Por graciosetes tengo a los vídeos de gatos adorables, zumbados, estramboticos; los perros en parecidos niveles y no digamos a Anatoly y los cariacontecidos y musculados seguidores de la nueva religión del culto al cuerpo.
De todos ellos, algunos días, me veo enganchado, hasta tal punto que el algoritmo me tantea con la violencia.
Leer ayer, a Belen Gopegui, a través de una abridora de cielos interpuestos, fue un alivio y un si se puede.
Pero cuesta.
Descubrir otro lenguaje tan rico, tan sibilino, tan integrante por mucho que le dediques horas, no siempre buenas y productivas, cuestan. El musical más; sus apóstoles me dicen que años, que a mi edad, parecen siglos.
A cambios visitar el saxo de Candy, Charles, Dani son los abrazos que se necesitan para no desfallecer.
Con el inglés el lugar mágico fue Sweny Chemist y el PJ que abrió el lugar para ver algunas noches el Liffey como la noche brumosa del 16 de Junio. A Bloom tocará releerlo; las horas de lectura en aquella pharmacie, se clavaron en la memoria para dar paz y el calor de quienes te recibieron aún con un inglés que podría haber zaherido a Paul, John o al mismísimo William.
Con los graciosetes y dicharacheros pasa que te hacen caminar por el abismo, con la promesa cierta, que te niegas a tí mismo que te empujarán a la más absoluta irrelevancia.
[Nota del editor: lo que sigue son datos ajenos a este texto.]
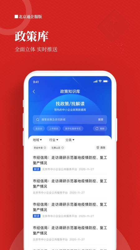 北京通企服版app是一款为各个企业提供服务的软件,让企业能够看到各种涉企政策,体验到全面的企业服务;在应用中用户可以看到各种类型的政策信息,更全面的了解更多的涉企政策,从而能够更轻松的经营自己的企业,及时领取政策福利和补贴;用户通过软件还可以找到各种申报和征集内容,快速的进行线上或线下申报,满足不同用户需求;用户还可以在这里找到多种类型的企业服务,帮助企业更加便捷的进行管理,让企业能够快速发展,提高企业规模;快下载这款软件试试吧,快速了解更多的涉企政策内容,在线办理各种业务。
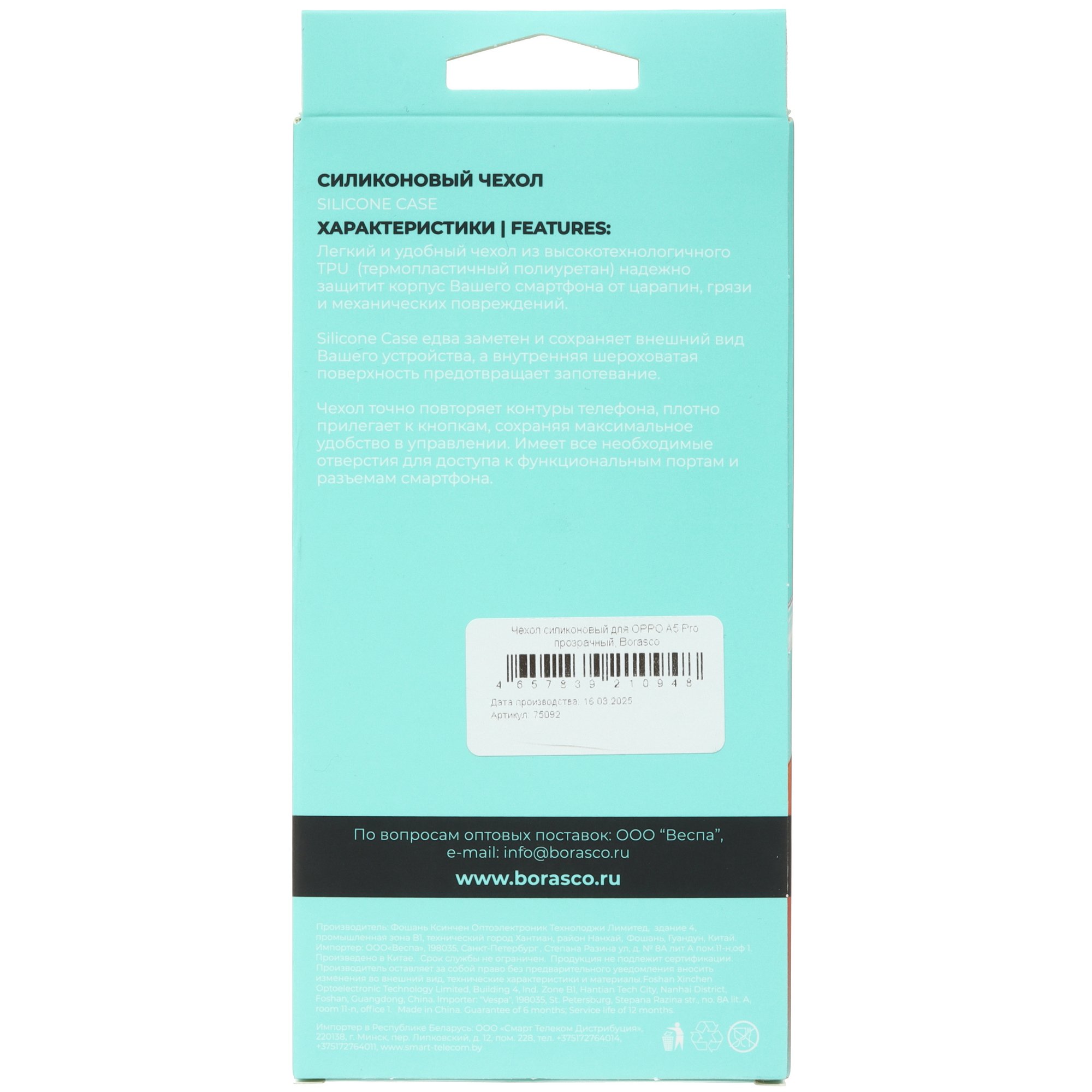 Накладка BoraSCO Silicone Case для OPPO A5 Pro сделана из силикона ТПУ. Этот материал пластичный и обладает амортизацией. Он частично гасит силу удара при падении смартфона на твердую поверхность и предотвращает его поломку. Благодаря легкому весу чехол не утяжеляет телефон.

En estos amaneceres en los que se abren puertas a cielos verdes, llegan entrevistas a argentinas. La primera, a la puerta de un autobús, una joven reniega de esa bestiacización en la que se hayan metidos los mismos que votaron a un desacomplejado que es lo que necesita ahora el capital.
Bufones que parezcan rompen el orden para que los dueños, impongan sus cetros.
El segundo es más triste
Un joven entregado a tener dos trabajos y si puede tres, y abandonado al más absoluto desamparo. El mamarracho de ahora lo trata de comparar con el anterior.
Vuelve al anterior, una y otra vez, para justificar este. Aquel Alberto Fernández, irrelevante que dejó pasar la oportunidad en un país de una enorme riqueza que se reparten los mismos. Los amos que pusieron el cascabel al bufón.
Al primero le ponen las amenazas, el sentido de una prudencia cuando antes, durante años han existido desmanes.
El saber que existen jueces, que juegan partidas con los Macri y que luego serán capaces de acusar, sin llegar ellos a perder sus puestos.
Y llegamos a España
Esos Max Pradera, esos Luis Arroyo que anuncian la llegada del Argamenón, el fin del mundo; y que esa llegada justifica todo sometimiento a un socialismo que repite las mismas carencias que en la Argentina de Alberto, que en el Chile de Gabriel Boric.
Quedarse respetando y salvaguardando parte de una estructura social que destruye todo lo que no puede dominar.
No le importan las vidas ni en Gaza, ni en Albania, ni en las calles llenas de cadáveres andantes por el fentanilo de Detroit, Washington. Quieren el poder, las personas, son intercambiables. Lo serían ellos también, pero tienen a los que disparan y a los que se hacen fantasmas para que no sean ellos los asesinados.
Ante ello, ante ese conformismo que alimenta a esos jóvenes nihilistas del que todos son iguales, se tiene que mostrar la valentía antes de
AMLO, ahora de Claudia Sheinbaum
Si ibamos a morir igual, tenemos que realizar acciones y si, muchos seguirán escuchando a los Vallés, Jiménez,
pero otros muchos, pretendemos que millones
Empezarán a oír que a la vivienda se le da solución, que a la sanida pública se le presta cuidado que las pensiones no son un pozo sin fondo, como si son los millones escondidos entre ganancias desmesurados y ingeniería financiera que siempre tienen los mismos bolsillos. Habría jueces que tendrían que dar cuenta de sus actos en desequilibradas balanzas.
Su impunidad tendría un límite, ante sus actos injustos.
Puede ser que aún así, sigan ensimismados en la búsqueda de sus límites físicos y sus cuerpos tallados para panteones efímeros; pero ya será cosa de muchas influencias.
Pero dejarlo todo, a como dice un Max, por muchas lecciones de música que necesitemos recibir, y Luis, aunque abra el Ateneo a un trompetista admirable, a un conformismo de dejar las cosas a medías, no dejará a todos un Argamenón gestionado por mediocres, desacomplejados con instintos asesinos, a veces, ya satisfechos.